Non fu accolta benissimo la pellicola dei Manetti; nel circuito dei B-movie (a cui si rivolge per naturale elezione) si criticò per inconcludenza ed aspettative deluse rispetto alle premesse. Poco sangue, poco sesso, poco "genere". Fuori dal mondo "stracult" un film simile venne recepito come un'operetta trash indegna della minima considerazione (come del resto accadeva alle pellicole di genere degli anni '70). Non mancarono neppure pareri entusiasti ma non si trattò per i Manetti di una partenza col botto, e del resto ancora oggi le produzioni dei fratelli romani dividono abbastanza pubblico e critica. Di certo bisogna sposare un codice comune per godere del loro linguaggio cinematografico.

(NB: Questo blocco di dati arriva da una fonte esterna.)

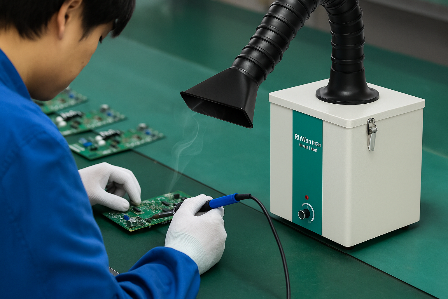 Trong các hoạt động hàn linh kiện điện tử, khò thiếc hoặc khắc laser, lượng khói bụi và khí độc sinh ra thường chứa bụi mịn PM2.5, VOCs, và hơi benzene, ketones – gây hại nghiêm trọng cho hệ hô hấp và môi trường làm việc. Để đảm bảo không gian sạch, bảo vệ người thao tác và thiết bị điện tử, máy hút khói hàn Ruiwan RC01 là lựa chọn lý tưởng với thiết kế nhỏ gọn, hoạt động mạnh mẽ và bộ lọc ba lớp hiệu quả cao.
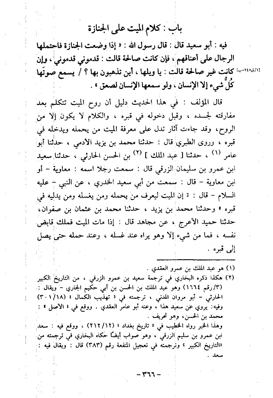 / 103 - فيه: أَبُو سَعِيد، قَالَ: قَالَ رَسُولُ اللَّهِ (صلى الله عليه وسلم) : (إِذَا وُضِعَتِ الْجِنَازَةُ، فَاحْتَمَلَهَا الرِّجَالُ عَلَى أَعْنَاقِهِمْ، فَإِنْ كَانَتْ صَالِحَةً، قَالَتْ: قَدِّمُونِى، قَدِّمُونِى، وَإِنْ كَانَتْ غَيْرَ صَالِحَةٍ، قَالَتْ: يَا وَيْلَهَا، أَيْنَ تَذْهَبُونَ بِهَا؟ يَسْمَعُ صَوْتَهَا كُلُّ شَىْءٍ إِلا الإنْسَانَ، وَلَوْ سَمِعَهَا الإنْسَانُ لَصَعِقَ) . قال المؤلف: فى هذا الحديث دليل أن روح الميت تتكلم بعد مفارقته لجسده، وقبل دخوله فى قبره، والكلام لا يكون إلا من الروح، وقد جاءت آثار تدل على معرفة الميت من يحمله ويدخله فى قبره، وروى الطبرى، قال: حدثنا محمد بن يزيد الأدمى، حدثنا أبو عامر، حدثنا عبد الملك بن الحسن الحارثى، حدثنا سعيد بن عمرو بن سليمان الزرقى، قال: سمعت رجلاً اسمه معاوية، أو ابن معاوية، قال: سمعت من أبى سعيد الخدرى، عن النبى، (صلى الله عليه وسلم) ، قال: (إن الميت ليعرف من يحمله ومن يغسله ومن يدليه فى قبره) . وحدثنا محمد بن يزيد، حدثنا محمد بن عثمان بن صفوان، حدثنا حميد الأعرج، عن مجاهد، قال: إذا مات الميت فملك قابض نفسه، فما من شىء إلا وهو يراه عند غسله، وعند حمله حتى يصل إلى قبره.
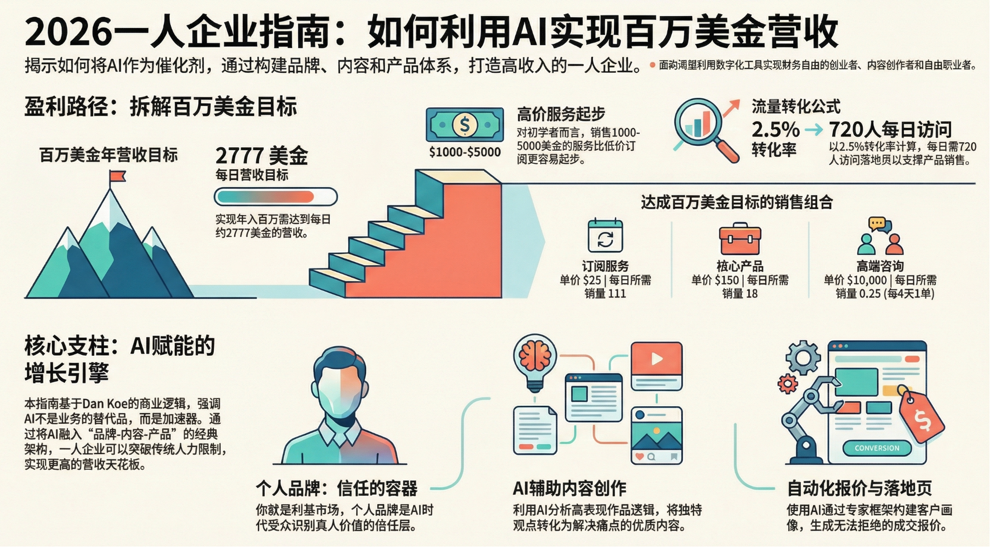 * 07:31 百万美元收入的路径拆解:Dan Koe将年入百万美元的目标拆解为日入2777美元,并提出了多种实现路径。他强烈建议新手从客户服务路线开始,因为“把一个一千到五千美元的服务卖给一个人,要比把一百到两百份Substack订阅卖给一百到两百个人……容易得多”。
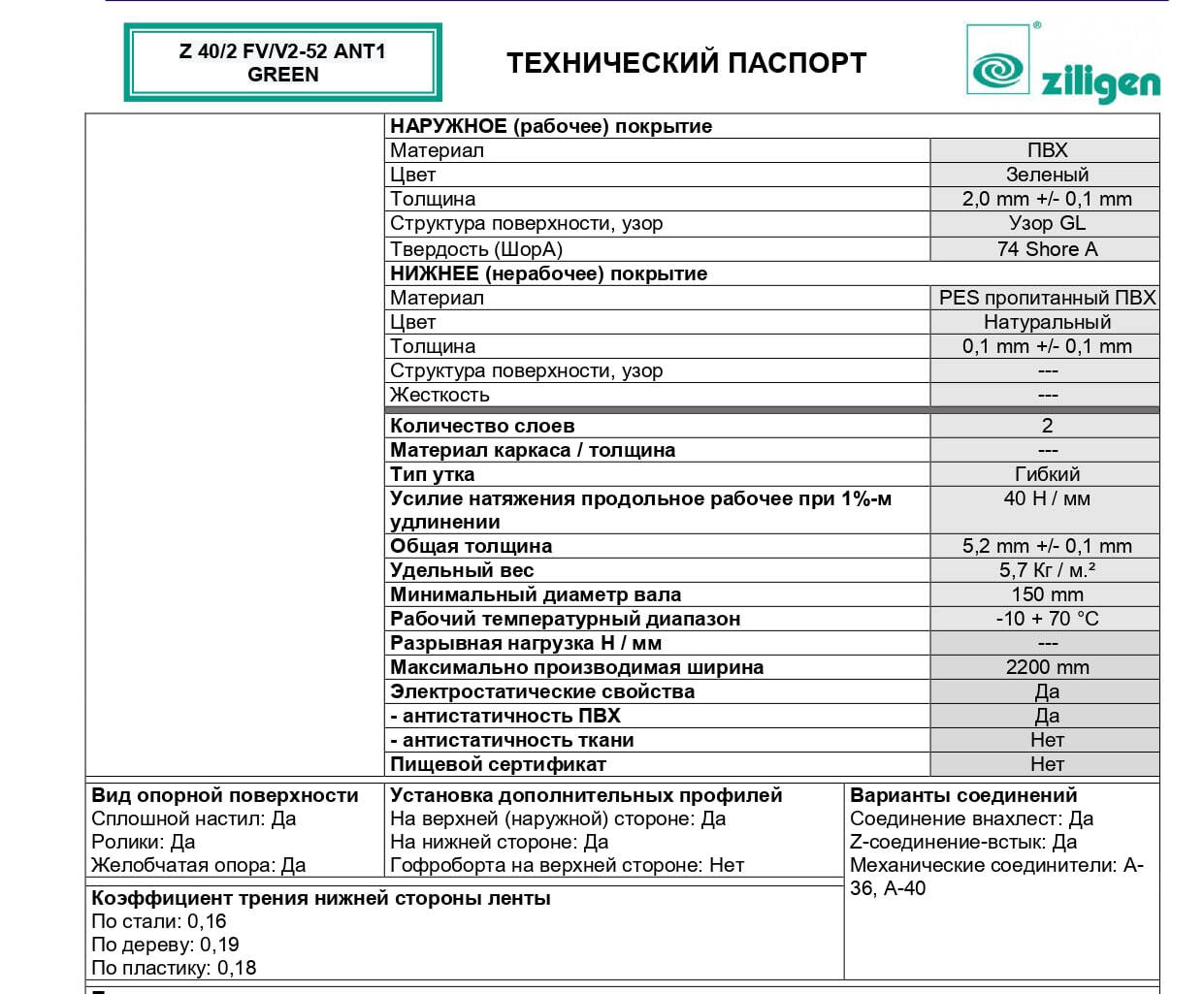 Маркировка: Z 40/2 FV/V2-52 ANT1 GREEN
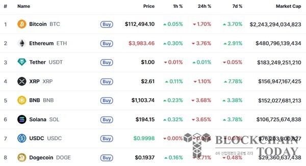 같은 시간 코인마켓캡 기준 해외 비트코인 가격은 전날 같은 시간보다 1.70% 떨어진 11만 2494달러다.
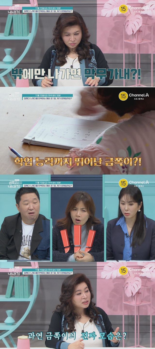 관찰된 일상에서는 눈을 뜨자마자 독서로 하루를 시작하며 엄마 말을 잘 따르는 금쪽이의 모습이 눈길을 끈다. 하지만 어린이집에 도착하자마자 난데없이 바닥에 드러눕거나, 선생님의 음식을 뺏어 먹으며 혼이 나도 깔깔거리며 웃기만 하는 등, 집에서와는 전혀 다른 행동을 보인다. 엄마와 같이 있을 때는 모범생 같았던 금쪽이의 문제아적인 모습을 처음 본 엄마는 놀라 당황스러운 표정을 감추지 못한다.
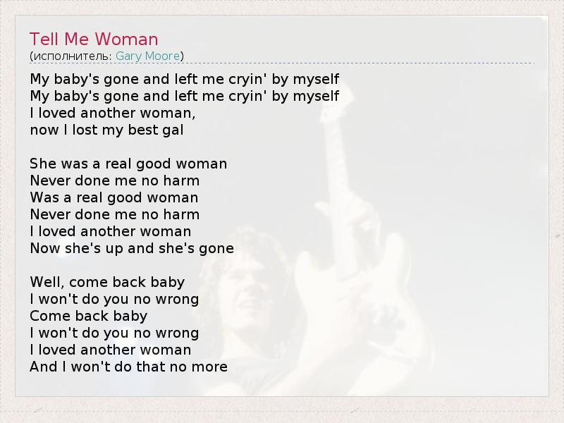 А как ты думаешь, о чем песня "Tell Me Woman" ?
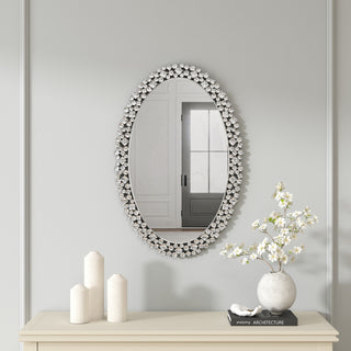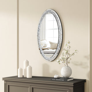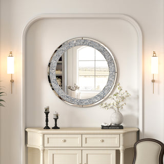 SHYFOY Round Large Mirror Crushed Diamond Wall Mirrorfor Living Room 32IN Silver

Zora, come tutto il cinema dei Manetti, è fortemente debitore di mille citazioni e rimandi altrove, pur bilanciando tanta attenzione al passato con altrettanta creatività e talento propri. Quello di Zora - il fumetto - è uno spunto, per altro non l'unico, visto che andrebbe considerato anche Blacula, l'exploitation l'horror americano del '72; accanto a questi va inserito tutto il background delle periferie (il film è ambientato a Ostia) e del sottobosco del rap underground (Tormento, Flaminio Maphia, etc., sono tutti amici storici dell'entourage dei Manetti). Zora non è tanto un omaggio al cinema di genere quanto una parodia citazionistica che focalizza con ironia lo stato dell'hinterland romano all'alba del nuovo millennio. Un'umanità di ultimi, dove buoni e cattivi si mischiano e si confondono, dove la vera differenza sta tra vittime designate e sfruttatori, con la constatazione finale che i veri mostri sono i "normali" (un po' facile, d'accordo, ma non stiamo parlando di un film denuncia di Francesco Rosi o Marco Bellocchio). Senza contare che Zora è sostanzialmente l'opera prima dei nostri (che pure avevano diretto un episodio del film collettivo DeGenerazione e un piccolo film per la Rai), quindi sconta ancora una certa acerbità.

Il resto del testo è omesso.